There is no valid response to this event but cynicism. One must remember that this is an election year for Congress. Furthermore, Vice President Gore has avoided any contamination by the erotica surrounding the President and has managed to slip untarnished through the bizzare scandal surrounding the Buddhist temple contribution. It’s no surprise that Republican supporters have boisterously labeled the school/library fund “the Gore tax.” In doing so, they have tipped their hand.

There is no merit to the claim that the fund is a tax. Governments are always passing laws that cost businesses money (laws requiring safety procedures in the workplace, for instance) and the costs are certainly passed on to the customer—but they’re never called a tax. This fund is a transfer of wealth, but it’s one well-established in precedent because businesses have been subsidizing residential service and cities have been subsidizing the countryside for decades.

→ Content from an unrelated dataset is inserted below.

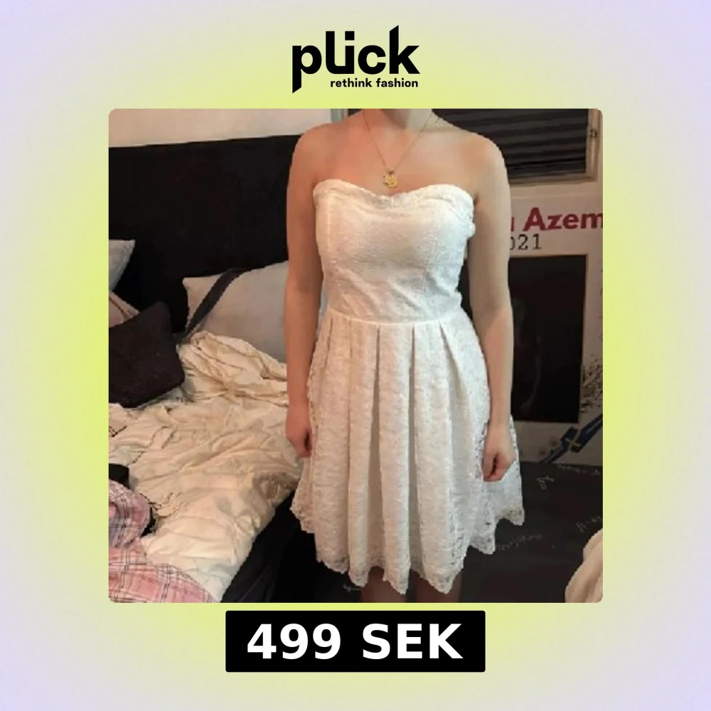Säljer en söt vit axelbandslös klänning med spetsdetaljer och lätt utställd kjol. Klänningen har dragkedja i ryggen och en romantisk känsla, perfekt för sommarens tillfällen. Passformen är normal och längden är kort. Passar finare på längre tjejer då den sitter kortare, jag är bara 1.58 lång😁

The conservatives have achieved their propaganda victory, however: they have divided citizens once again and turned our own children into the “other”—particularly children of the poor. Having cut their school lunches, watched their school buildings crumble, sundered them from their culture by cutting arts programs, and let their textbooks age over the decades, we are not about to give them access to advanced technology. But we can spend hundreds of millions of dollars a year on NATO, with no visible purpose but to bully the Serbs.

Yes, the buds still live—1.275 billion dollars for programs this year. And Senator Burns has pledged to support the fund through a more explicit tax on phone use. But those grass-roots crusaders who gave of their time and skills to bring the public together electronically may have to continue their lonely, heroic efforts for a few decades more.